Would you restate each line of the data below word for word, without its pictures?

**RAW DATA**

^^^^^^^^

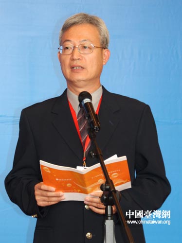 吉林省長春市寬城區(qū)教育局副局長周紅發(fā)表感言。(中國臺灣網(wǎng) 董潔 攝)
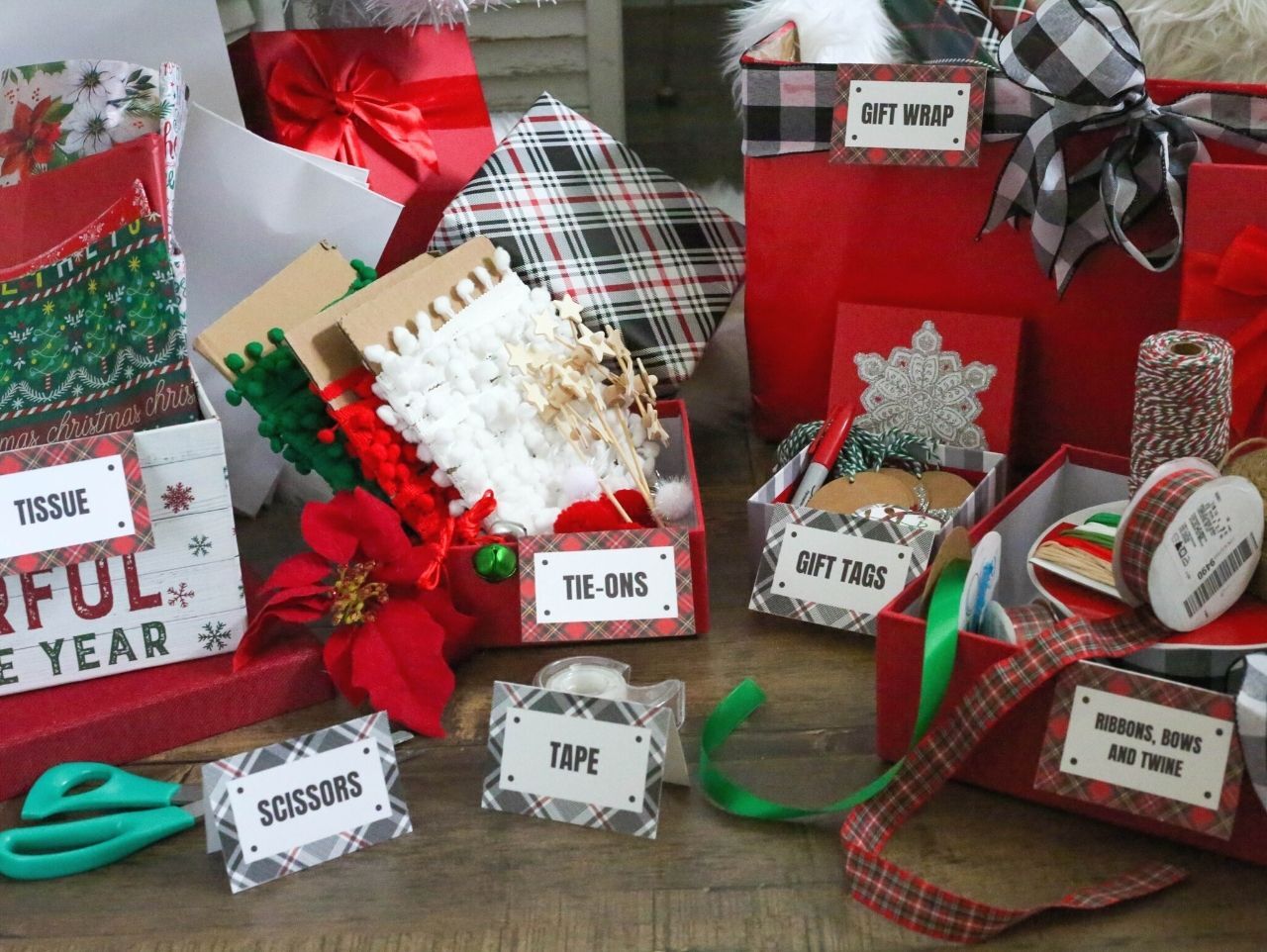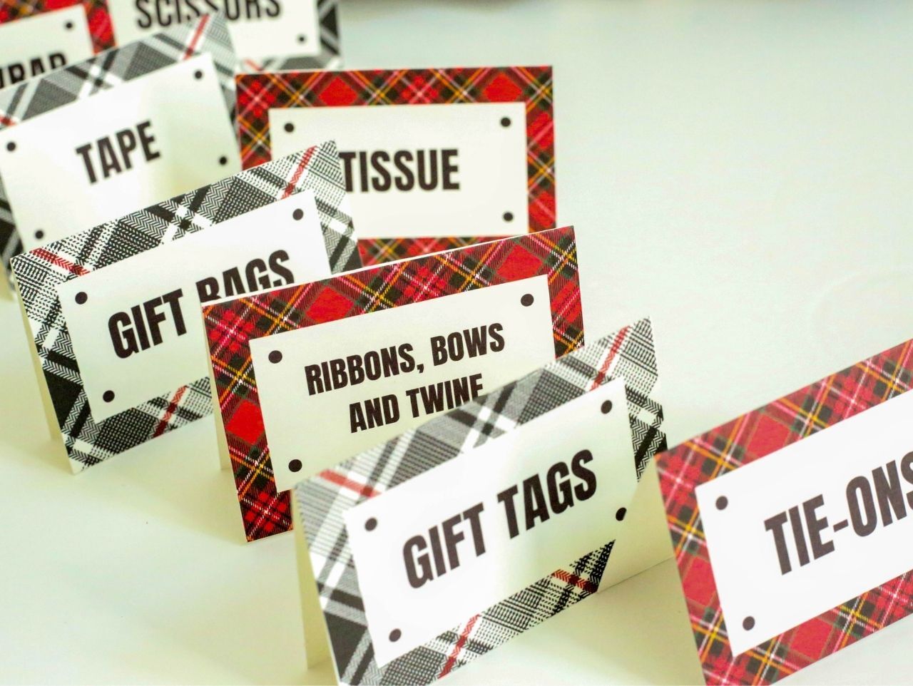 Print a set of wrapping station labels on white cardstock. These can be folded to stand up as table tents, or reduced with a paper trimmer to be a flat label.
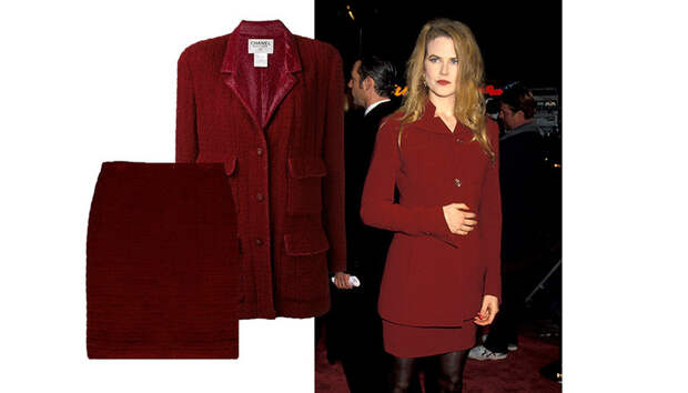 Например, в 1992 году Николь Кидман на премьере "Нескольких хороших парней", где сыграл ее бывший супруг Том Круз, появилась в двойке глубокого винного оттенка с приталенным жакетом. Дополнили его черные колготки и туфли на небольшом каблуке. Рассмотрите юную Николь и обязательно запишите такой костюм в список покупок.
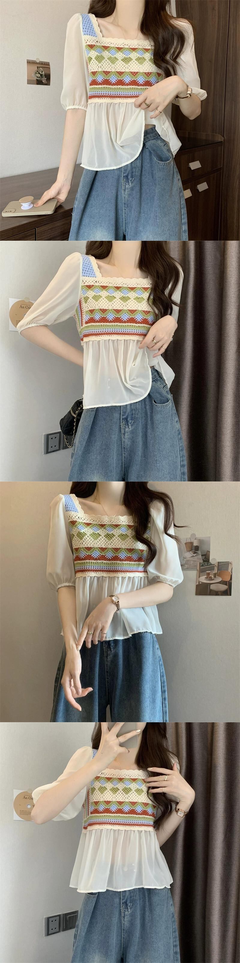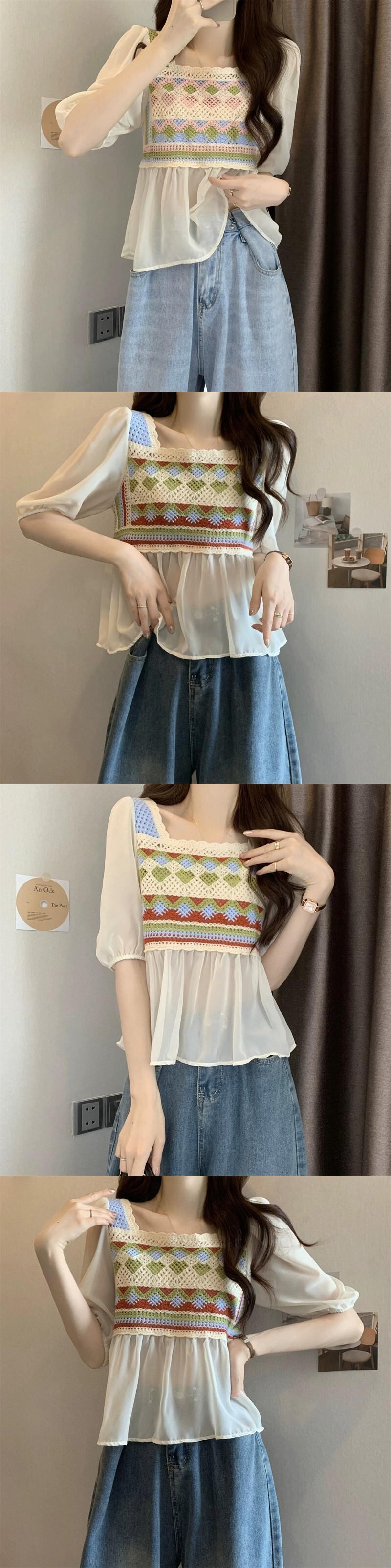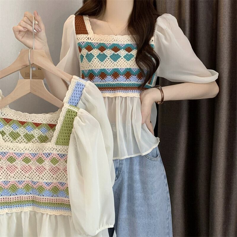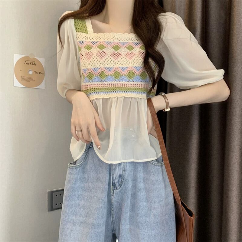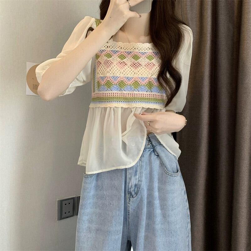 薄手の半袖シフォンシャツ女性の夏フレンチニッチシックルーズスモールシャツニットスプライシングショートスクエアカラートップ サマー 夏物 スクウェア 7460037242243808 | framboise21

^^^^^^^^

**ANSWER TO THE EXERCISE**
 吉林省長春市寬城區(qū)教育局副局長周紅發(fā)表感言。(中國臺灣網(wǎng) 董潔 攝)
 Print a set of wrapping station labels on white cardstock. These can be folded to stand up as table tents, or reduced with a paper trimmer to be a flat label.
 Например, в 1992 году Николь Кидман на премьере "Нескольких хороших парней", где сыграл ее бывший супруг Том Круз, появилась в двойке глубокого винного оттенка с приталенным жакетом. Дополнили его черные колготки и туфли на небольшом каблуке. Рассмотрите юную Николь и обязательно запишите такой костюм в список покупок.
 薄手の半袖シフォンシャツ女性の夏フレンチニッチシックルーズスモールシャツニットスプライシングショートスクエアカラートップ サマー 夏物 スクウェア 7460037242243808 | framboise21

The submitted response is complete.